De plus, comme on a que 8 gus sur le terrain sur 16, pour avoir les 16 au niveau c’est tout sauf fun. Surtout que sur les 8, il y a les 4 actifs, qui touchent une quantité d’xp correcte, et les 4 en support qui touchent des miettes… Déesse Hylia que c’est frustrant…
- Le second point qui fâche : il n’y a aucune interaction avec le décor, à quelques exceptions près (« oh, que vois-je ? Ne serait-ce pas un joli tonneau de matières hautement inflammables à côté des ennemis ? »). Pas de notion de verticalité non plus. La carte est juste là pour servir de plateau, mais rien d’autre. Que l’on soit dans une plaine dégagée, à flanc de montage enneigée, ou dans des catacombes, OSEF, on se bat pareil. Le minimum du minimum. On enlève un gros potentiel aux décors, et on permet à la lassitude de s’installer plus vite. Surtout quand il faut recommencer pour entrainer ses troupes…
- Les musiques c’est très pauvre. Une seule musique de bataille pour tout le jeu + 1 pour le boss final. La fin de l’abondance.

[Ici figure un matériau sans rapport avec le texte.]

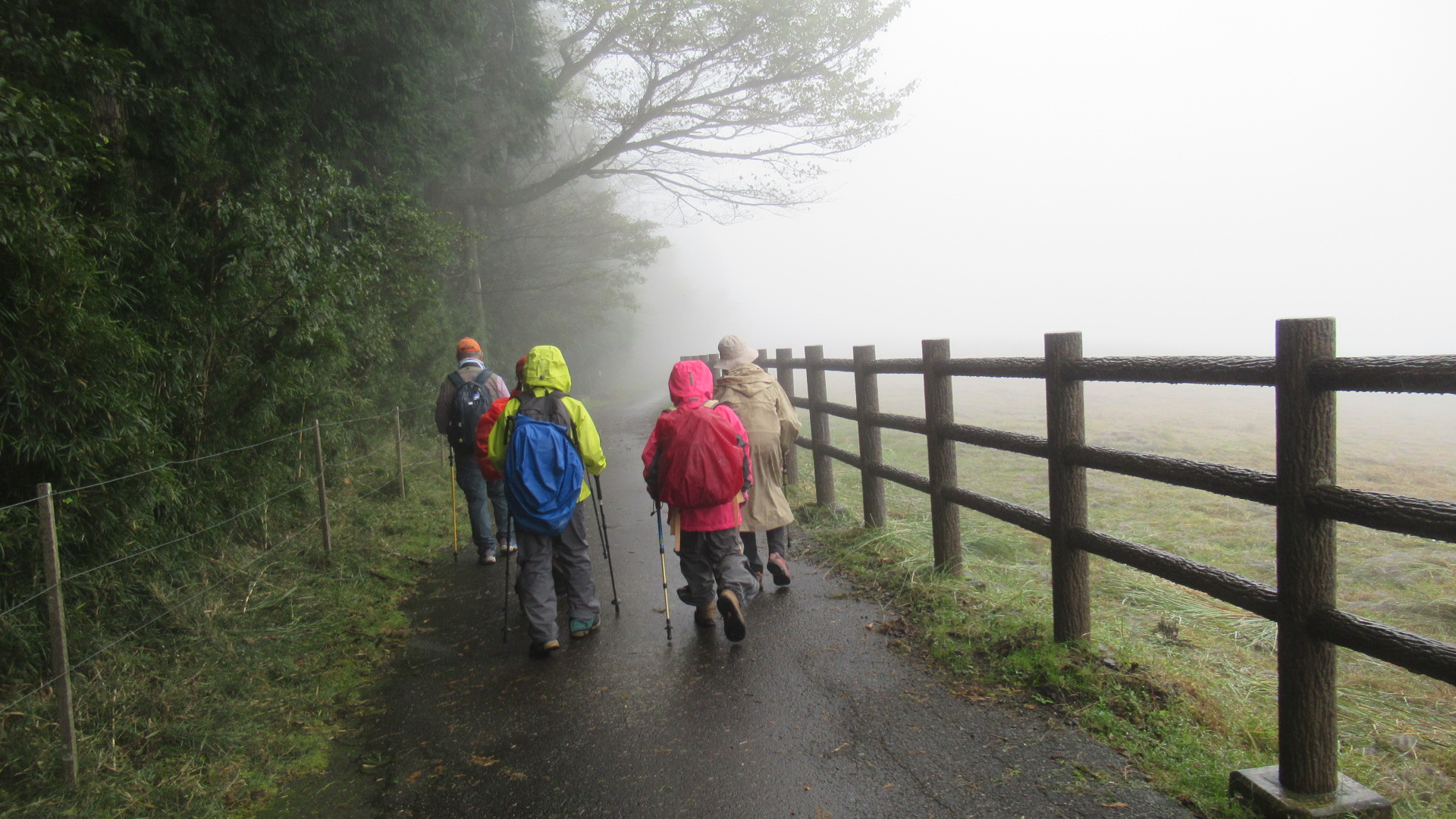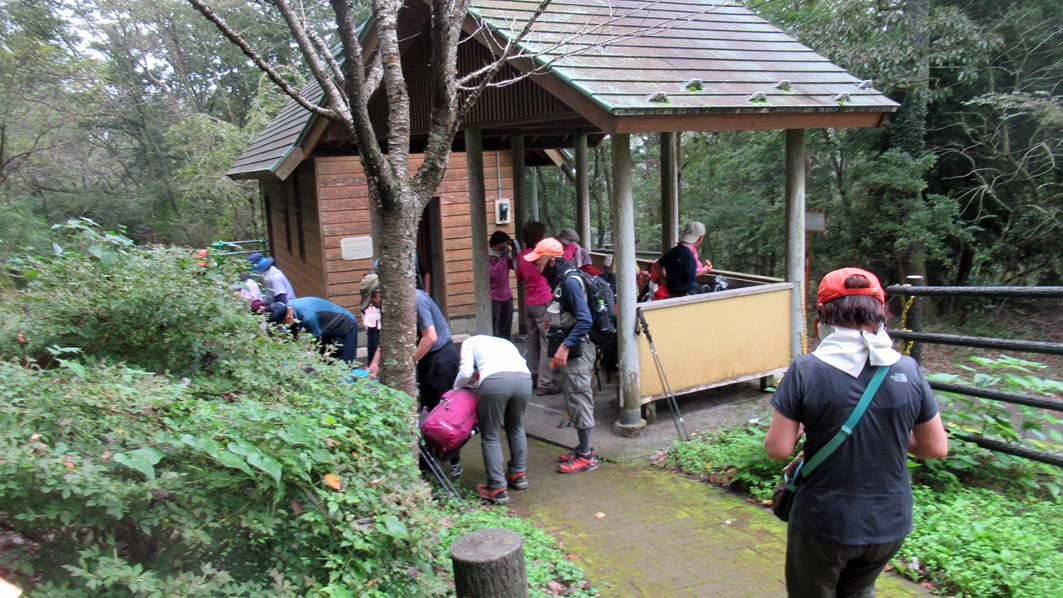 頂上を目指す20名は小雨をもろともせずに、鹿よけゲートを貫けて落葉を踏みしめ、ススキの群生や周りの綺麗な花々を見ながら歩を進めた。そして、最後の休憩所には他の若いパーティーが食事をしていたが、そこで少し休憩をとって頂上へ向かった。
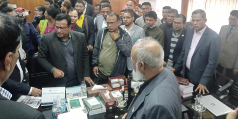 এ নিয়ে বঙ্গবন্ধু পরিষদ শিক্ষক ইউনিট এক বিবৃতিতে পাঠান গণমাধ্যমে। বিবৃতিতে বলা হয়, উপাচার্য ও শিক্ষকদের আলোচনা শুরুর কয়েক মিনিটের মধ্যেই উপাচার্যের অফিস কক্ষে ঢুকে অকথ্য ভাষায় গালিগালাজ শুরু করে বহিরাগত ও বিশ্ববিদ্যালয়ের কিছু শিক্ষার্থীরা বলে অভিযোগ।
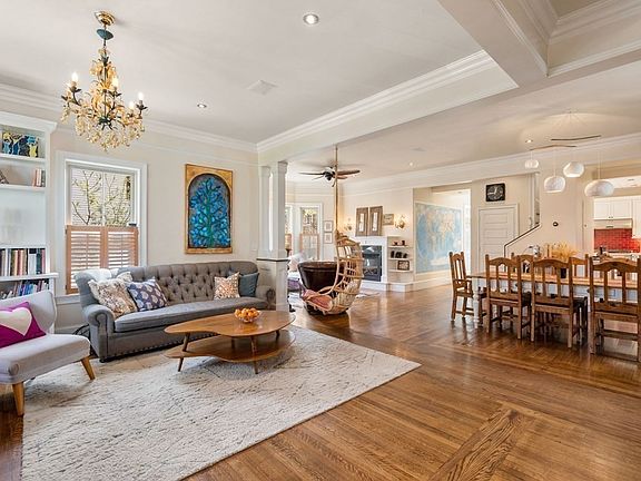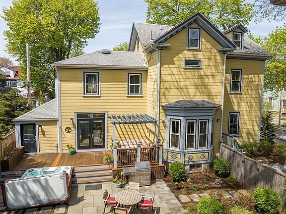Dreamy Victorian on a lovely tree-lined street in the desirable Pondside neighborhood. This inviting, light-filled 10-room home was designed w/ entertaining in mind: you’ll love the expansive 1st floor w/ fireplace seating area, open dining and living room with bow windows, custom built-ins, 10’ ceilings, and crown molding. Your renovated, well-appointed kitchen has French doors to a landscaped fenced-in yard, where you can relax on the deck in dappled sunlight from the pergola or slip into the hot tub under the stars. An elegant staircase leads to the 2nd-floor primary bedroom with an en suite spa bath featuring a steam shower, soaking tub, radiant marble floors & walk-through closet with vanity. Two additional bedrooms & a bath w/radiant floors round out the 2nd floor. A 3rd-floor suite has a bedroom, study, sitting area & bath. Central air, mudroom, 2-car parking, & spacious basement w/ plenty of storage. Close to shops, restaurants, Eliot School, Footlight Club, Arboretum & Pond!
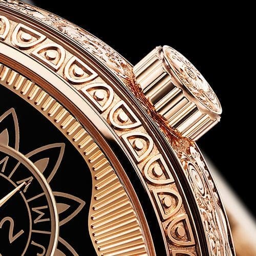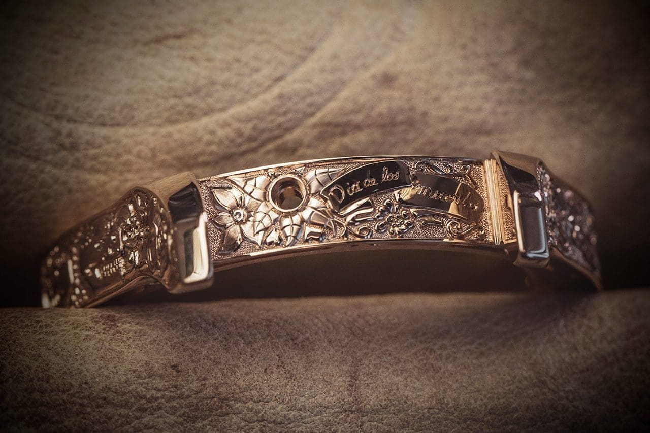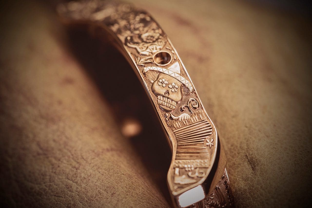 The Caseband of the 43 mm, 18-carat rose gold case is adorned with skulls, flowers, suns and guitars. The Bezel has patterns inspired by Mexican iconography. A stylised Mexican Calavera skull, dotted with sun and floral-themed patterns dominates the dial.
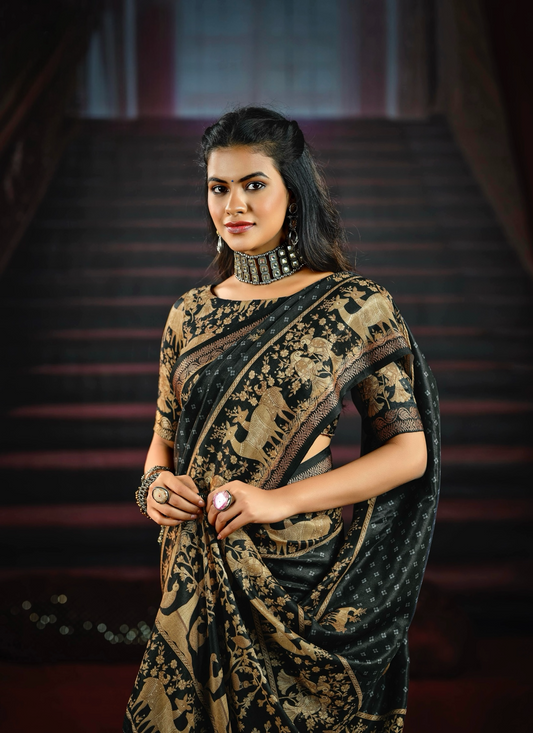 Pure Brasso fabric with Exclusive Deep Navy Blu...
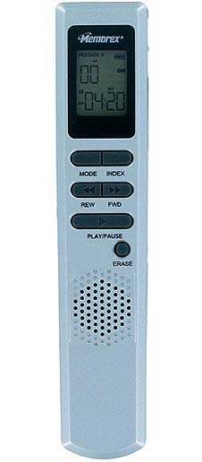 - The pocket-ready Memorex MB0035 digital voice recorder packs a lot of memory in its slender chassis.
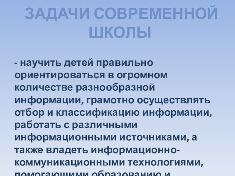 разнообразной информации, грамотно осуществлять отбор и классификацию информации, работать с различными информационными источниками, а также владеть информационно-коммуникационными технологиями, помогающими образованию и самообразованию.
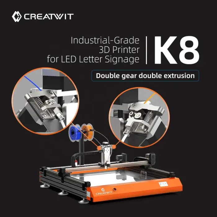 The K8 offers precision and fast printing without the complexity of CNC, bending, or laser cutting, making it a more accessible option for sign-making.
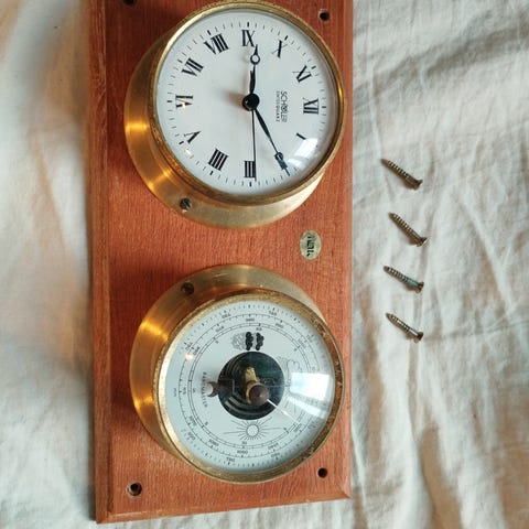 Anker barometer og ur med hvid urskive og romertal. Urene er indkapslet i en rund messingramme med låsebeslag. Barometeret viser tryk i forskellige vejrindikatorer som Rain, Fair og Storms. Urene har klassisk design og kan anvendes til indendørs brug som dekorative og funktionelle instrumenter.
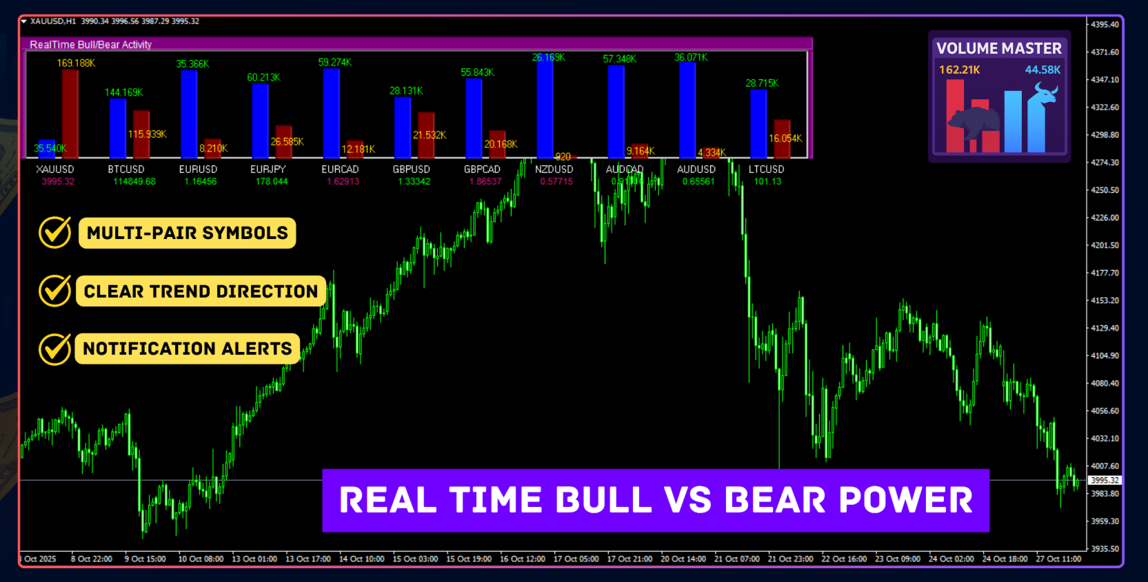 Volume Master is a powerful trading tool designed to give you a clear edge by visualizing bull vs bear activity across multiple symbols, while helping you confirm high-probability entries directly on your chart.
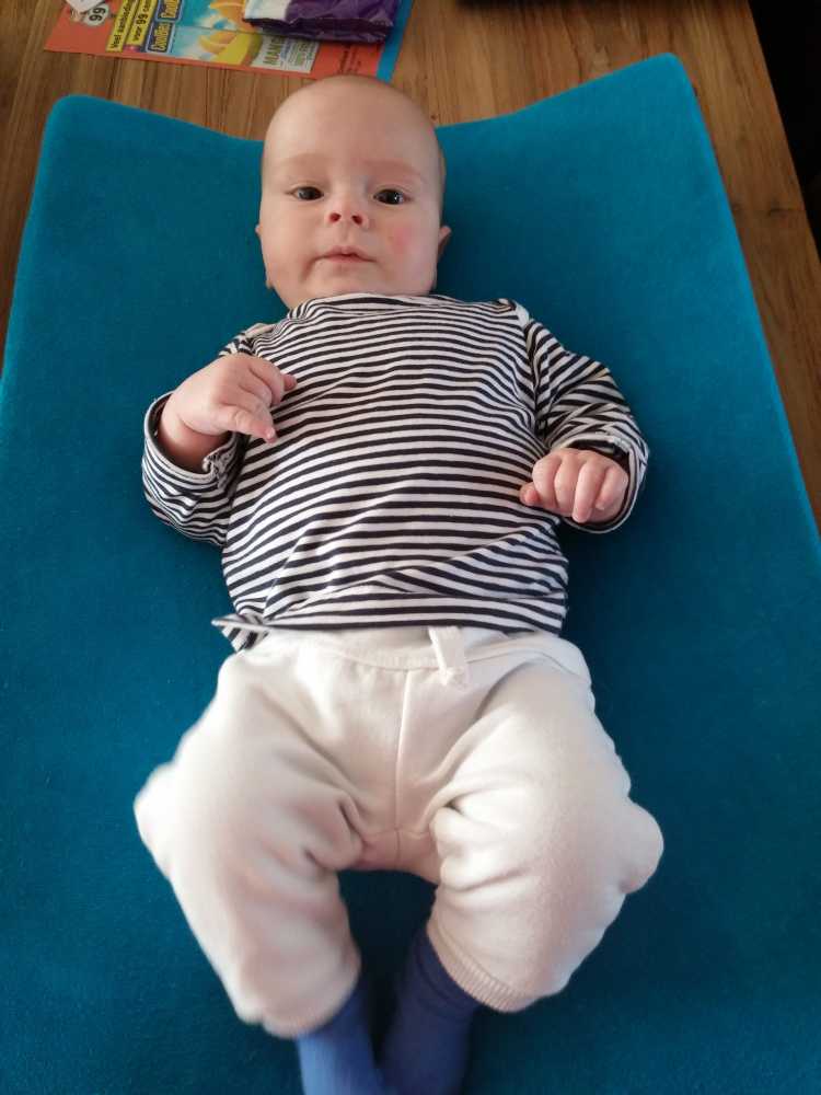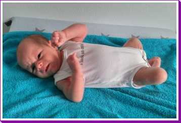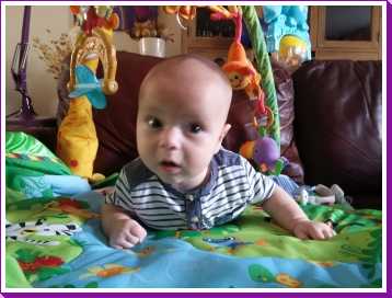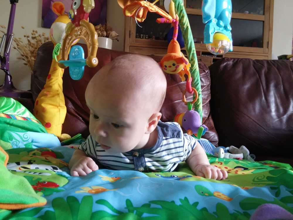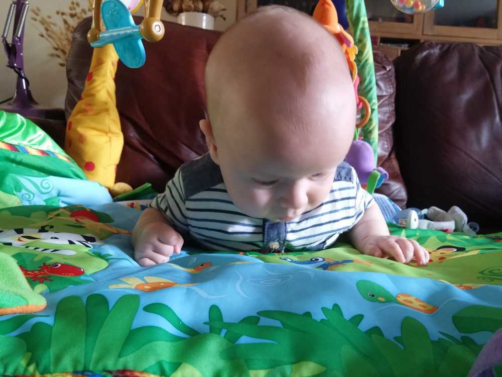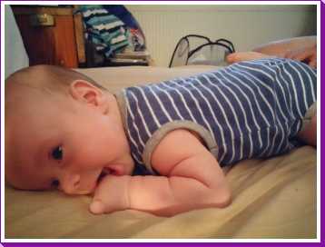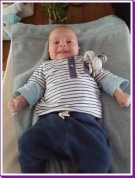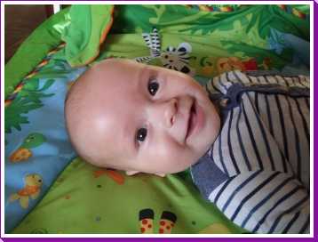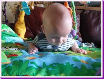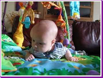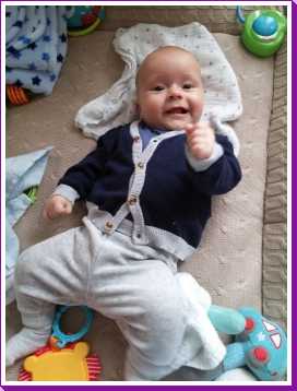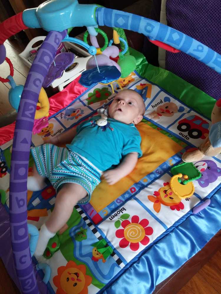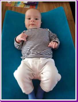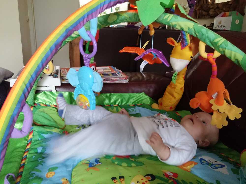 1 september: Vanochtend ben ik met mama en oma bij Patricia Kleij geweest. Eenmaal thuis daarvan heb ik op mijn buik liggen oefenen met draaien op het speelkleed op de bank. Mama zat naast me dus er kon niets gebeuren.
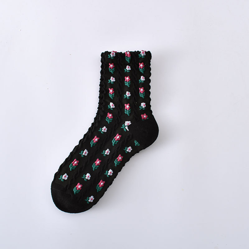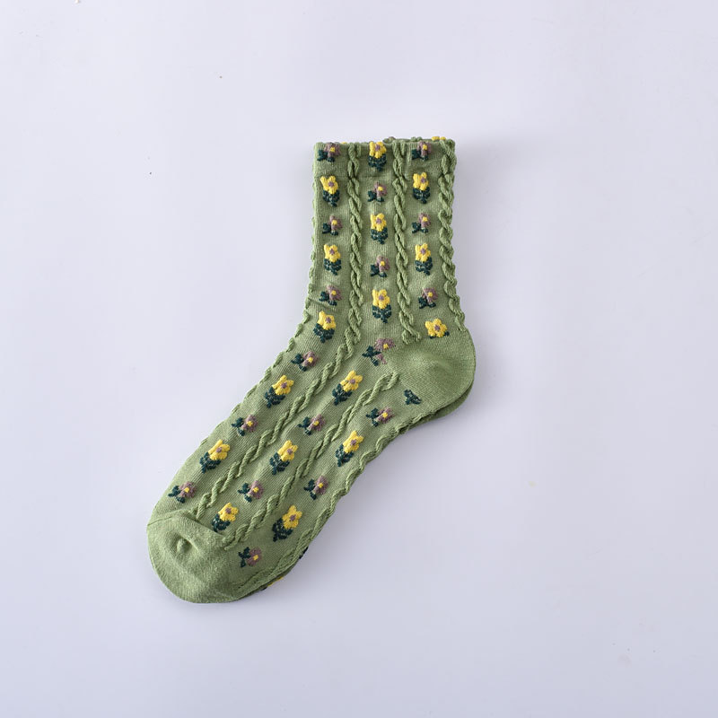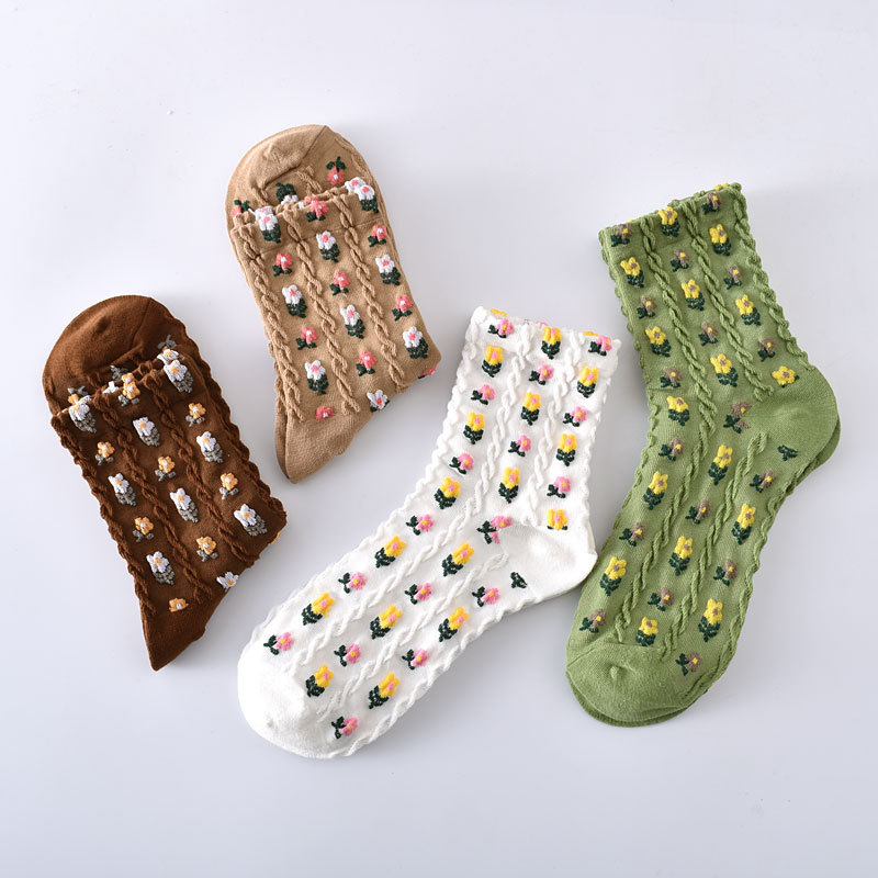 Liaoyuan Qiao 브랜드 양말 여성용 코튼 미드 배럴 인 트렌디 한 올 매치 입체 릴리프 가을과 겨울 스몰 플로럴 캐주얼

- Le chapitre final est expédié à la vitesse de la lumière. C’est très brusque. A l’image du jeu, expéditif, mais j’avoue que je n’aurais pas été contre une ou deux batailles en plus pour rendre ça plus marquant.
Point neutre :
- La prise en main des contrôles. Autant j’ai râlé sur la démo, autant sur le jeu final, ça s’est plutôt bien passé. Je ne saurais pas dire si c’est mauvais ou non.
En résumé : jeu plutôt classique, qui ne casse pas trois joy-cons à une Switch. Pas forcément marquant, pas forcément mémorable, essentiellement du vu et revu. Pas de grains de folie, ni quoi que ce soit qui fait que le jeu se démarque.
Et pourtant j’ai kiffé. Il n’avait rien de spécial de jeu, je l’ai lancé sans en attendre beaucoup, et effectivement il n’a pas apporté plus que prévu. Et malgré tout pas moyen de lâcher la console. Alors même que je l’ai lancé après 6 mois à jouer des jeux pour jouer, sans vrai coup de cœur (pour ceux qui en doutait encore, je n’ai pas aimé du tout Twilight Princess). Alors que je me demandais même si ma période jeu n’était pas passée, si ma Switch n’était pas vouée à être ma dernière console. Et là, paf, le coup de foudre 💘
C’est beau. Merci Diofield. A jamais tu resteras un jeu moyen dans la pléthore de titres Square Enix sortis en 2022. Tout le monde t’a sans doute déjà oublié d’ailleurs. Mais sache que tu auras toujours une petite place dans ma ludothèque.